Figure 3. wnt1 mediates mob4 control of body proportionality.

Figure 3.

(A) FISH to detect wnt1 showing expanded expression in mob4(RNAi) animals (right image) compared to controls (left image) after only 3 dsRNA feedings totaling 10 days of RNAi. Middle-graph showing tail length divided by total body length. Right- graph showing length of wnt1 expression divided by total length. N=10 animals, error bars are standard deviations and ns= not significant, p>0.05 by 2-tailed t-test.

(B) Live images showing body morphology of double-RNAi experiments. Compared to controls, mob4(RNAi) animals show characteristic body patterning changes, while wnt1(RNAi) and mob4(RNAi);wnt1(RNAi) animals are unchanged. Right- Graph showing tail length of each RNAi condition. N=10 animals, error bars are standard deviations and asterisks, p<0.05 by 2-tailed t-test.

(C) mob4 mRNA expression measured by qPCR from RNA collected after 17 days of RNAi as indicated.
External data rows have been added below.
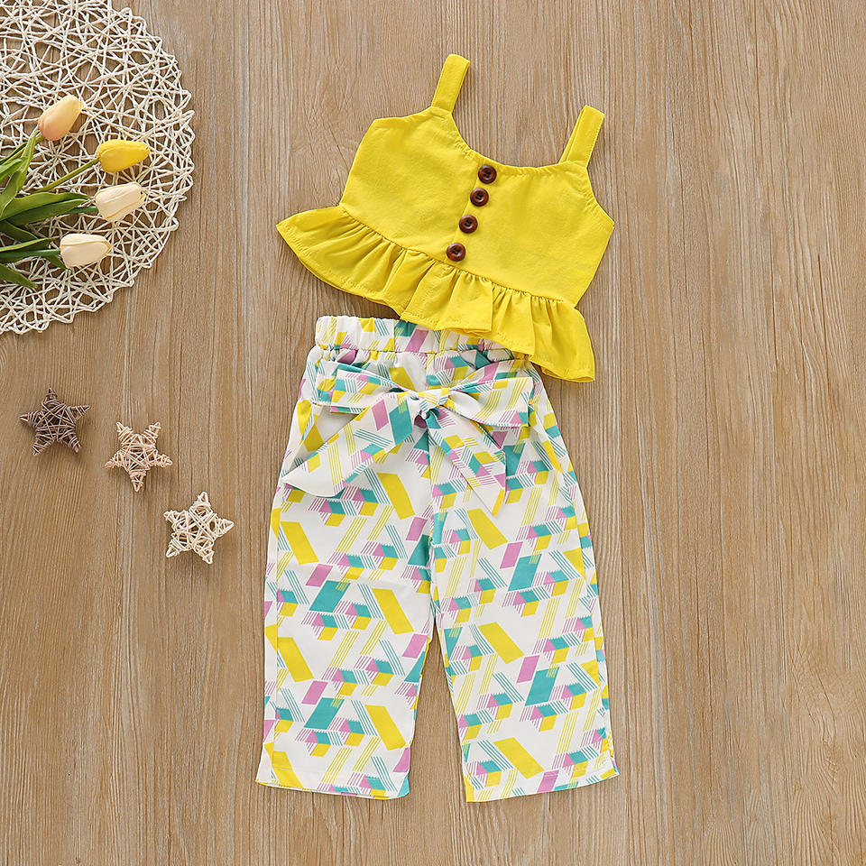 ชุดเด็กขายส่ง เสื้อผ้าเด็กผู้หญิง ชุดกางเกงผ้าฝ้ายสไตล์โบฮีเมียน พร้อมสายคล้องไหล่ สำหรับการช้อปปิ้งออนไลน์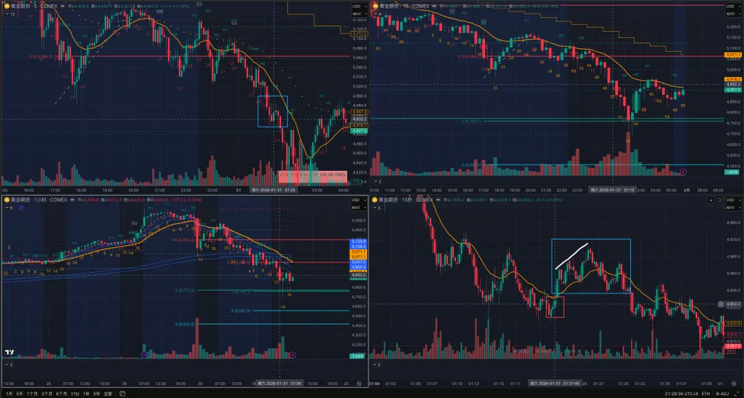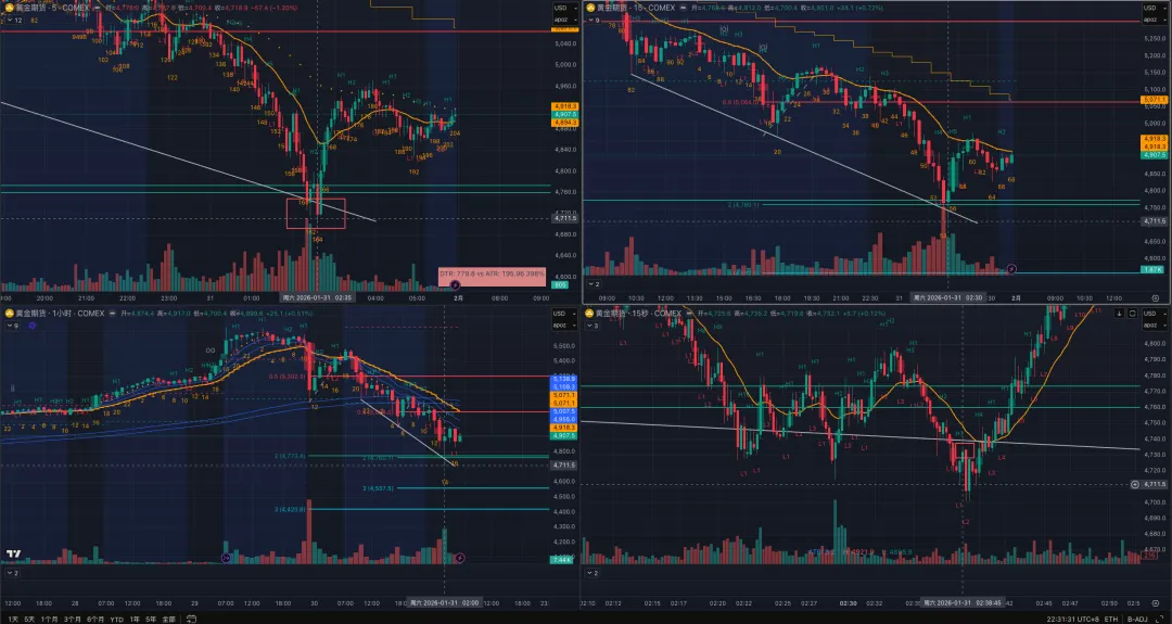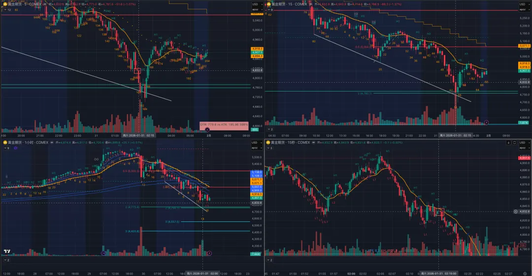 自从昨天开始下沉15s级别发现太多机会,叠加黄金这两天波动率放大五倍(甚至十倍),大部分入场能很快拿到结果。同时也看明白之前只看5min发现不了的问题,比如信号K的错判、不该接的飞刀、或是仅相邻两根K线间内部明确的波段机会。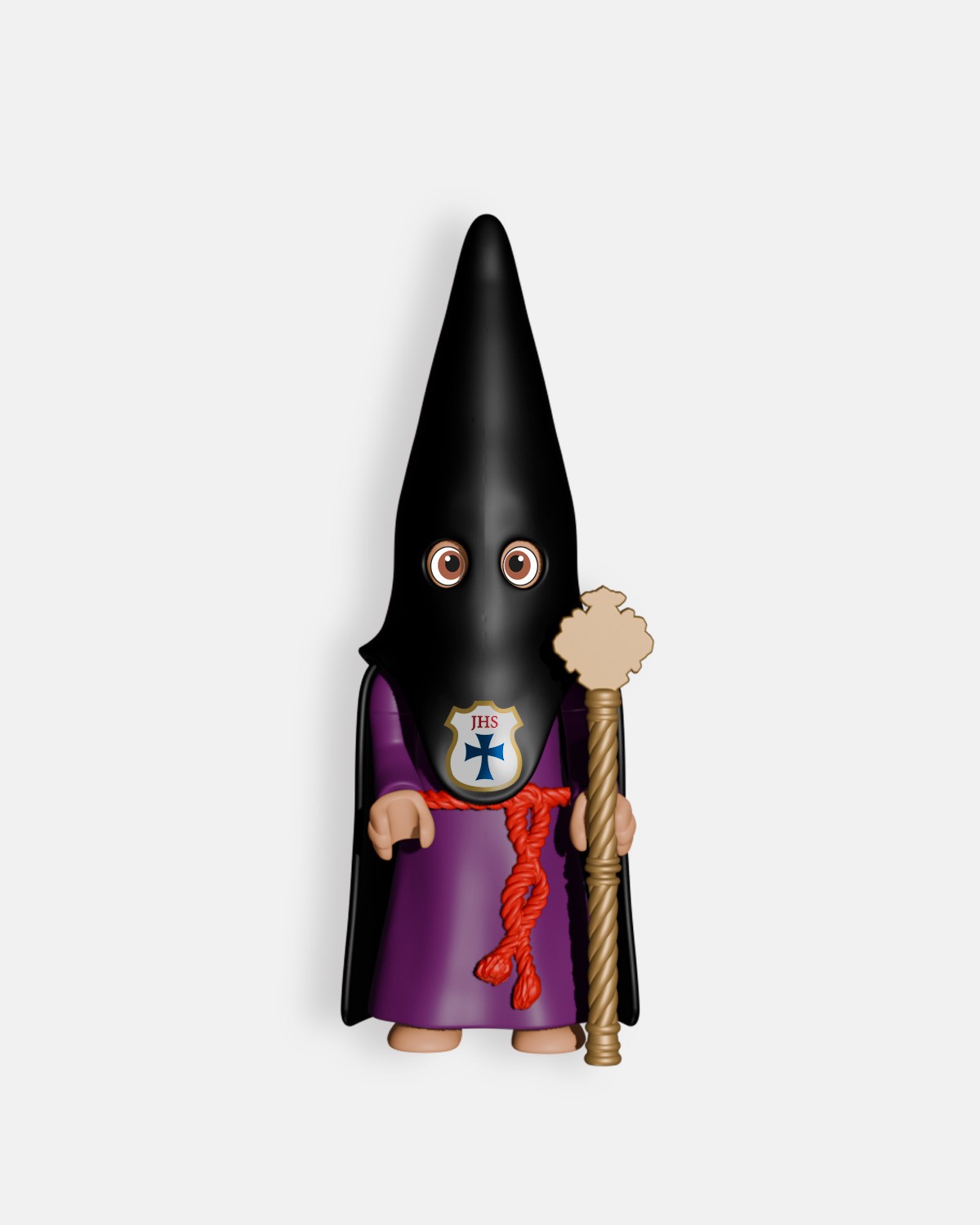 Fabricado con materiales duraderos, este muñeco refleja con precisión los elementos típicos de los nazarenos negros, incluyendo la túnica morada, capa negra, antifaz negro y cíngulo rojo, y la Vara Larga Dorada, diseñado para evocar los desfiles procesionales de manera fiel y elegante.
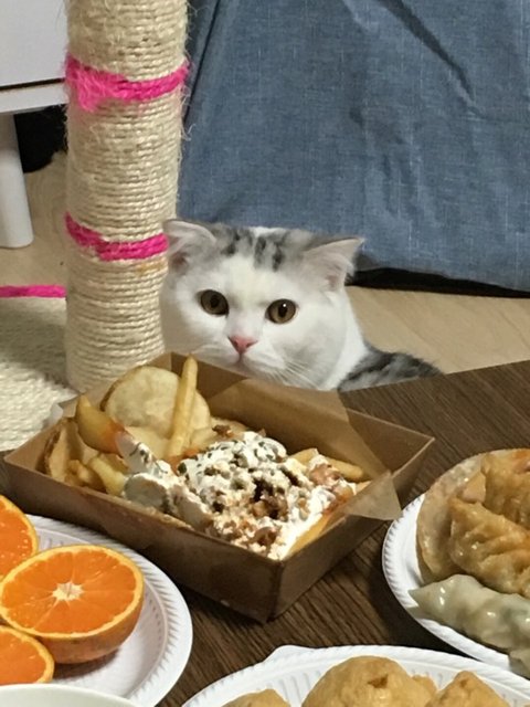 파티음식 아련하게 쳐다보는중 (그래도 안줌 절대안되)

Simultaneous treatment with wnt1 and mob4 dsRNA resulted in mob4 transcript reduction similar to mob4 dsRNA treatment alone. Error bars are standard deviations of 4 biological replicates. Asterisks denote p<0.0005 by 2-tailed t-test. Bars are 300 microns.

See also Figure S3.

Planarians not only actively maintain tissue proportionality during homeostatic maintenance but also undergo substantial rescaling of pre-existing tissues in regeneration after amputation [7, 8], also referred to as morphallaxis or tissue remodeling. Decapitated tail fragments exemplify an extreme case of these transformations as they must reduce the size of the pre-existing posterior, form a new trunk within the old posterior, and grow a head from the amputation site. mob4(RNAi) tail fragments failed to undergo posterior reduction and positioned trunk tissue too far anteriorly, indicating the importance of mob4 for regeneration-induced tissue rescaling (Figure 4A). In addition, mob4(RNAi) head fragments failed to form a pharynx, and instead wnt1 expression extended far into the anterior (Figure S4A). Therefore, mob4 is required for properly defining new posterior territory through the rescaling that occurs during whole-body regeneration.

Figure 4. Restriction of wnt1+ midline cells controls rescaling during regeneration.

Figure 4.

(A) FISH to detect ASXL_059179 in regenerating tail fragments of controls and mob4(RNAi) animals. Animals were fed dsRNA 3 times and regenerated for 14 days. Right- graph showing tail length (brackets) divided by total length of the tail fragment. N>10 animals, error bars are standard deviations and asterisks, p<0.0005 by 2-tailed t-test.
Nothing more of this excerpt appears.